My 5 big fears

“Live your life by faith, not fear.”

I like this mantra.  I try to live by it.  But I have to be honest, I do have a few things that worry me.

My 5 big fears:

  I will miss out.
I won’t be the mother I hope to be.
I will be in debt for the rest of my life.
I won’t live authentically.
I will let down people who love me.

♥♥

1.  I will miss out.
I remember as a kid never wanting to go to sleep because I was afraid my older brothers & sisters (I come from a big, loud family) would make cookies & play games & I would miss out.

This fear still remains.  Although instead of cookies & games, I fear that I will miss out on life.  That there are books that I’m not reading that I should be.  That there are people I’m not meeting that I should be.  That there are talents I’m supposed to be developing that I’m not.

2.  I won’t be the mother I hope to be.
There comes a point in the life of every mother where she is confronted with these hard truths:  1)  She loves her children more than life, & 2)  She is limited by time & space in executing that love.

I told Joseph once, that I’m glad we have several children.  For a variety of reasons, but primarily because I have so much love in me, if I only had one child I fear I would have no other choice but to smother that child.   I’m grateful I can spread out the love amongst four children.

Some days I wish I had a few nannies & a housekeeper.  There are always more things to do in a day that can get done, & a few extra pair of hands & hearts would be helpful.  One of the greatest challenges as mothers, is not in wanting to love our children, but in knowing how to best spend & allocate our time so that we have the energy required to give our children the love & attention they need.

3.  I will be in debt for the rest of my life.
For the past 4 years, we have voluntarily gone into debt because of education.  Student loans & credit cards have been our way of life, & I am tired of living this way.  I’m thankful Joseph finally has a good career & steady income.  But it is going to take us several years of intense, steady dedication for us to repay all our loans & get in a good place financially.

I don’t care what I have to do to get out from under the weight of debt.  I loathe it, I hate it.  As long as there is debt over our heads, we cannot live fully.

4.  I won’t live authentically.
If you know me, you know that I want to know what’s right.  I want to not only know what’s right, but what is right for me.  And once I know that something is right for me, I go forward & I don’t look back.  I want to be true to what I know, I want to live authentically.
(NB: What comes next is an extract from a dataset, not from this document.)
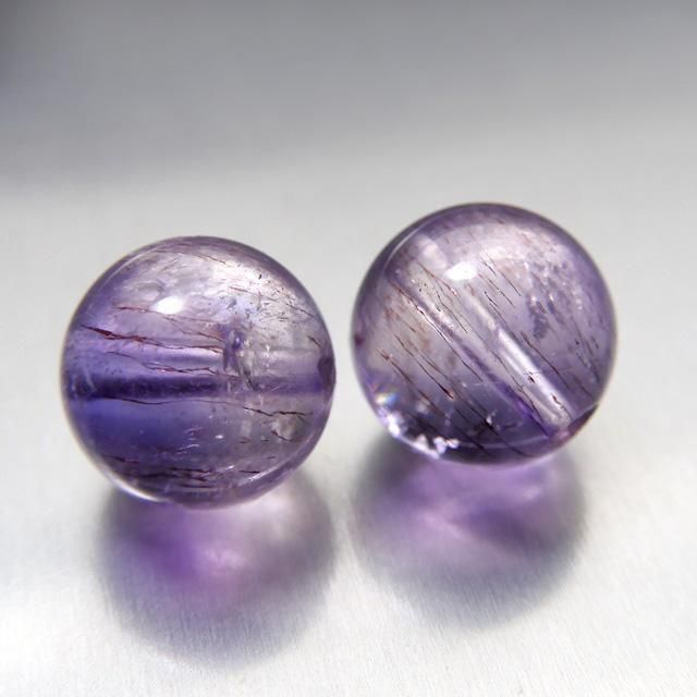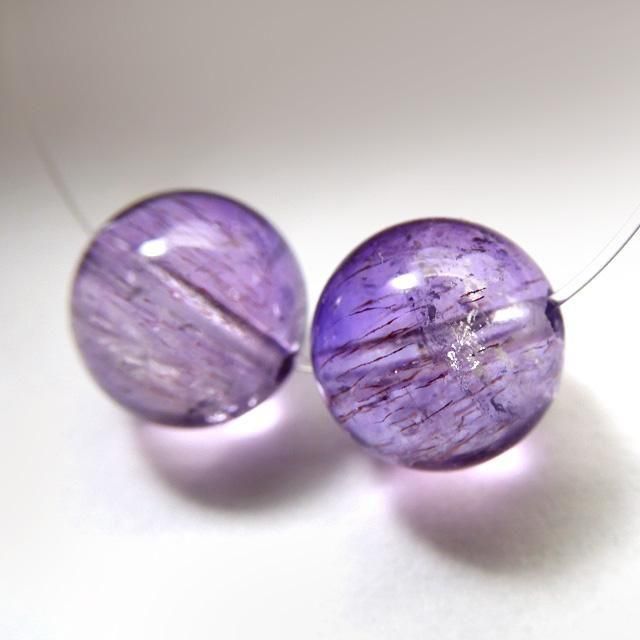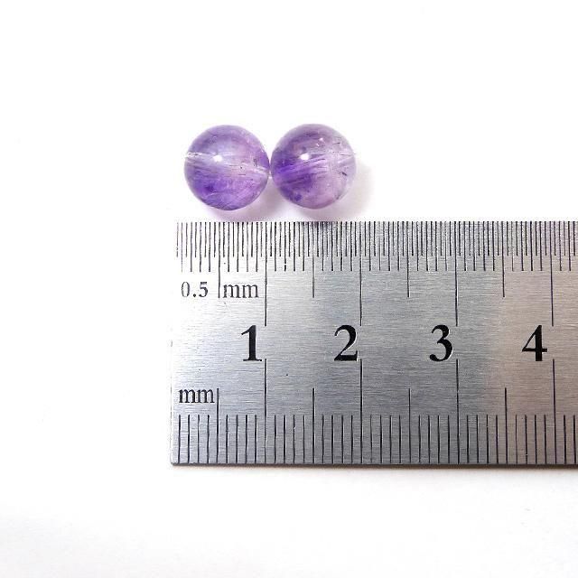アメジストエレスチャルクォーツ 9mm丸珠 2粒売り

I am not comfortable with doing something “just because.”  I have to know for myself.  My desire to live authentically & true is as great as my desire to eat & sleep.  And this desire can sometimes be a bit maddening.

5.  I will let down people who love me.
I do this thing when people call me.  Before they even say a word, I think, “Oh gosh, what did I do now?” and I rack my brain of all the possible scenarios in which I failed them or messed up.

♥♥♥

What are your big fears?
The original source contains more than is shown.